Stopping Sewer Back-flow by Blocking Points of Entry

Patricia Skinner  |  3/23/2005 11:50:22 PM

Gripper Plugs

When the outlet of a drain is exposed, one simple solution to back-flow is to block the line with a threaded or unthreaded cap. This is often the case with drain tubes that pass through a floodwall or levee. Sometimes, though, you need to block a pipe that doesn't have enough pipe exposed to allow you to cap it. This is the case for drainpipes under the tub and toilet and possibly elsewhere. 

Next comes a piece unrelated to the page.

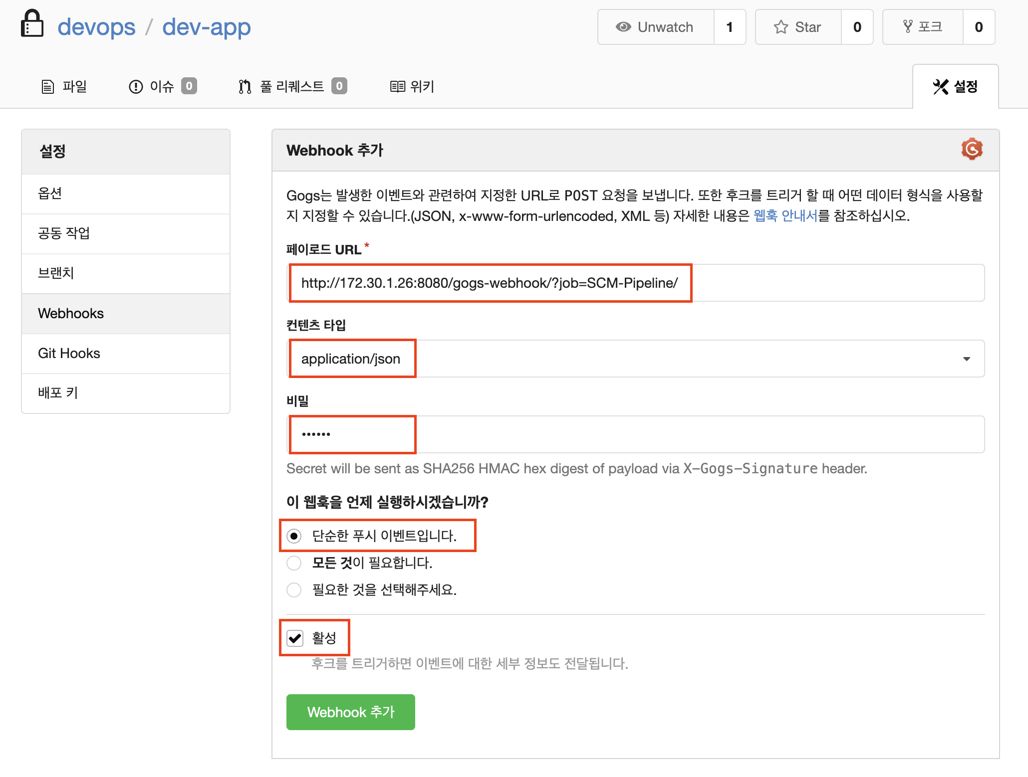 그리고 Gogs 설정에서 아래의 값들을 webhook에 셋팅해 줍니다.

In a closed sewer system, a valve in the outside sewer line should prevent back-flow through tubs, toilets and other plumbed drains inside the building. If you don’t have a valve, or the valve fails, you may be able to block the drain openings inside the building. These open lines are called points of entry for floodwater.

You’ll need to access the opening inside the house. For a tub or floor drain, that may mean removing the strainer. For a toilet, it means removing the toilet. Don’t forget to turn off the water to the toilet first and disconnect the water inlet to the tank.

The devices used to block water at points of entry go by different names: gripper plugs and test plugs are two. "Gripper" describes the action of the plug, as it grips the wall of the pipe it's plugging. "Test" refers to the fact that these plugs are used during construction to plug the plumbing lines so they can be tested for leaks under pressure.

The picture shows two styles of gripper plugs. Gripper plugs come in different styles and may be plastic or metal (with a rubber seal). Gripper or test plugs are installed by placing them in the drain tube and turning a nut. As the nut turns, it causes the plug to expand and "grip" the wall of the pipe.

Gripper plugs come in different sizes; be sure to get plugs that are the right size for all your openings. Some sizes are available at building supply stores; for others, you may need to visit a plumbing supply store. A 4-inch plug sells for about $4.

To block back-flow at the toilet using a gripper plug, remove the toilet and place the gripper plug into the exposed sewer pipe opening. Do not try to plug the toilet bowl.

In a pinch you can use a bag-o-rags to act like a gripper plug.